--- Record extracts ---
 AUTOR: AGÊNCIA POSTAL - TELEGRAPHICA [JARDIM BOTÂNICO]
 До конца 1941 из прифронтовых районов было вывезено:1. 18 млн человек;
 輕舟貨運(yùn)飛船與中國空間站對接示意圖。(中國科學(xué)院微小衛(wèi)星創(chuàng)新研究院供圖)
---
--- Record extracts ---
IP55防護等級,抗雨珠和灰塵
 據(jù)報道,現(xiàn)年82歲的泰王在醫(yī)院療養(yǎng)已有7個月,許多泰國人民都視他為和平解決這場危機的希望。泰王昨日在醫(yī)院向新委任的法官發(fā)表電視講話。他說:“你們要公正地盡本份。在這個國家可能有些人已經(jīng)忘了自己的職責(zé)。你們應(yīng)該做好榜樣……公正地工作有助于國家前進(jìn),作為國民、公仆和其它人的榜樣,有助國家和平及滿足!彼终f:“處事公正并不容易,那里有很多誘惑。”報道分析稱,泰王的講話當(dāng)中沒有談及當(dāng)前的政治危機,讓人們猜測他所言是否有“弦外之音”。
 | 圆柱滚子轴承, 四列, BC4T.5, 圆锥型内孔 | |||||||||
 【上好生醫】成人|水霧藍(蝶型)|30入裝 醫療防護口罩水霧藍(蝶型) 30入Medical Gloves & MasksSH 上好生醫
---
--- Record extracts ---
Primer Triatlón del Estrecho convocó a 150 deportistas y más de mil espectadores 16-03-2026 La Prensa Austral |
---
Exercise details » All lines in the listing above between the line with "До конца 1941" and the line with "輕舟貨運(yùn)飛船與中國", inclusive, should be set down exactly, and no line outside that range.

Exercise solution »
 До конца 1941 из прифронтовых районов было вывезено:1. 18 млн человек;
 輕舟貨運(yùn)飛船與中國空間站對接示意圖。(中國科學(xué)院微小衛(wèi)星創(chuàng)新研究院供圖)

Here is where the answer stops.